Ruas e estações de metrô completamente vazias. Restaurantes fechados. Centenas de pessoas quarentemadas em suas casas. A normalmente agitada área de chegadas do aeroporto quase deserta. Casamentos com todos os convidados – e os noivos – usando máscaras. Trabalhadores da área da saúde cobertos com roupas hazmat. Assim era Hong Kong nos primeiros meses de 2003, no auge da crise da SARS, a síndrome respiratória aguda grave. A epidemia envolveu especialmente os países do sudoeste asiático e o Canadá, eventualmente ceifando quase 800 vidas.
A China foi muito criticada por seu silêncio inicial a respeito do SARS em 2003, o que até rendeu um raríssimo pedido público de desculpas por parte do politburo. Sua reação ao coronavírus de Wuhan parece muito mais assertiva: os chineses estão divulgando informações para a comunidade internacional, e efetivamente quarentemaram cidades inteiras. Wuhan, onde surgiu o vírus, se tornou uma cidade isolada com mais de 11 milhões de pessoas. As festividades do Ano Novo Chinês, em Pequim, foram canceladas. No momento em que escrevo, as informações dão conta de pelo menos 633 casos confirmados na China, com 17 fatalidades. A intensidade da resposta sugere que os números podem ser muito superiores.
Para além das recomendações de prevenção que não são o foco dessa coluna, é interessante notar como os mercados reagiram a crises epidêmicas no passado.
A pandemia da gripe espanhola de 1918 é o benchmark contra a qual são comparadas todas as demais. Algumas estimativas apontam que até 40% da população mundial foi infectada, com mais de 20 milhões de mortes. Apenas nos Estados Unidos, cerca de 500 mil mortes foram atribuídas à gripe entre setembro de 1918 e abril de 1919. Em 1918, o S&P 500 (principal índice acionário da bolsa americana) caiu 24,7%, antes de subir 8,9% em 1919. A tentação de atribuir esse desempenho isoladamente à pandemia é rapidamente frustrada pela lembrança de que o período coincide com o fim da Primeira Guerra Mundial – que certamente teve grande impacto nos mercados.
A gripe asiática de 1957 também se espalhou globalmente, e ceifou de uma a duas milhões de vidas até o começo de 1958. Estima-se que cerca de 70 mil americanos tenham sucumbido à infecção. O S&P 500 subiu 24,0% em 1957, e outros 2,9% em 1958. A pandemia de Hong Kong de 1968 também não precedeu quedas relevantes nos mercados.
A crise do SARS de 2003, por outro lado, parece ter tido um impacto mais discernível nos mercados locais. O MSCI Pacific ex Japan Index, um índice de ações de empresas do sudoeste asiático, chegou a cair 13% nos primeiros meses de 2003. Encerrou o ano, porém, com uma formidável alta de mais de 40%.
Os mercados de 2020 são mais globais, mais informados, e respondem mais rápido do que em todas as epidemias anteriores. Já é possível discernir algum impacto, provavelmente atribuído ao coronavírus, em alguns setores mais específicos.
Temores a respeito de uma epidemia inicialmente restringem viagens. Conforme as pessoas ficam mais temerosas de se deslocar, os setores de aviação, turismo e aeroportuário são imediatamente afetados, com um impacto muito mais agudo nas regiões afetadas – especialmente na China e adjacências. Seguem-se cancelamentos e restrições de viagens, o que deprime a demanda por combustível de aviação e, consequentemente, o preço do petróleo. Países exportadores podem sofrer algum impacto no valor de suas moedas. Interessantemente, os últimos pregões têm demonstrado algum impacto discernível também nas empresas europeias de artigos de luxo, cujos resultados foram muito impulsionados, nos últimos anos, pelo consumo dos chineses.

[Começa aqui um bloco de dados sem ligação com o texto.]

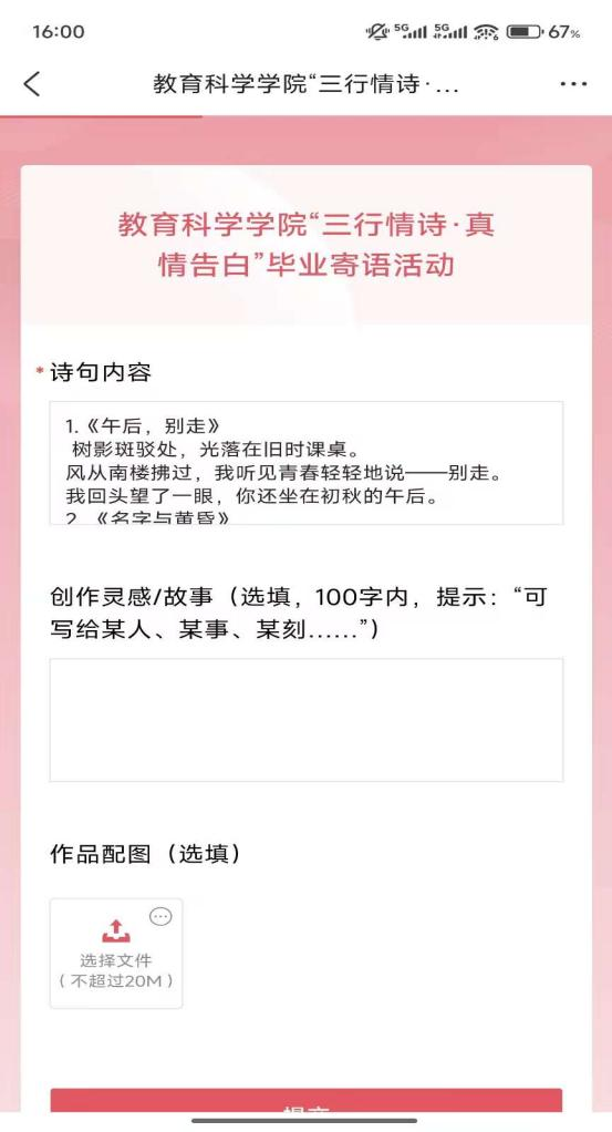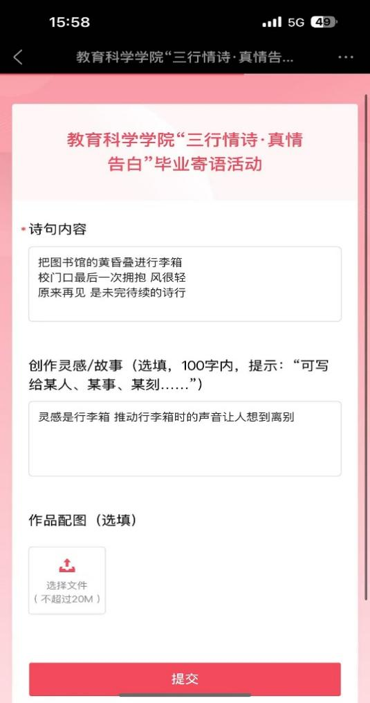 活动得到毕业生积极响应,作品围绕“感恩母校”、“致敬师长”、“同窗情谊”等主题展开。有毕业生写道:“把图书馆的黄昏叠进行李箱/校门口最后一次拥抱/风很轻,原来再见是未完待续的诗行”,将离别场景化作动人诗篇;“母校是一本泛黄的诗集/页页写满不舍/我在她怀里长成了温柔的风”,则以诗意的比喻道出对母校的眷恋。
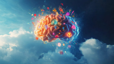 A vibrant and imaginative representation of a brain amidst clouds, showcasing creative icons and symbols that represent thought, innovation, and inspiration.
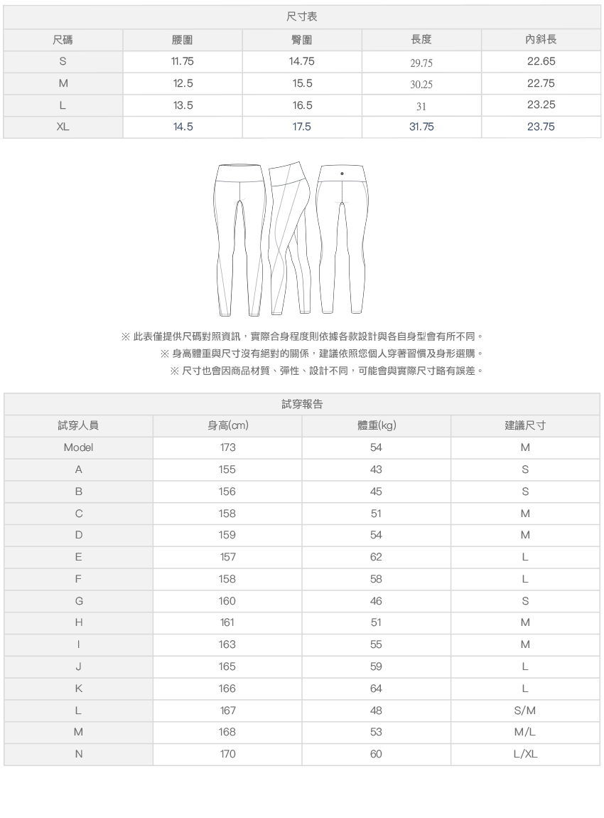 ※ 尺寸表及試穿報告僅提供尺碼對照資訊,實際合身程度則依據各款設計與各自身型會有所不同。

Com base em todo o histórico das interações entre mercados e pandemias, podemos dizer que o impacto dessas catástrofes costuma ser localizado, e que surtos infecciosos se somam a uma série de outros fatores para determinar o desempenho dos ativos. No momento atual, os níveis de preço das bolsas globais sugerem alguma vulnerabilidade, e existem riscos relevantes para as perspectivas de crescimento global. Mas os riscos de uma pandemia global, ainda relativamente contidos, não devem ser suficientes para preceder o início de uma correção mais sustentada nos mercados globais.
Seu médico pode recomendar que você não saia de casa. A história recomenda que você também não saia de seus investimentos.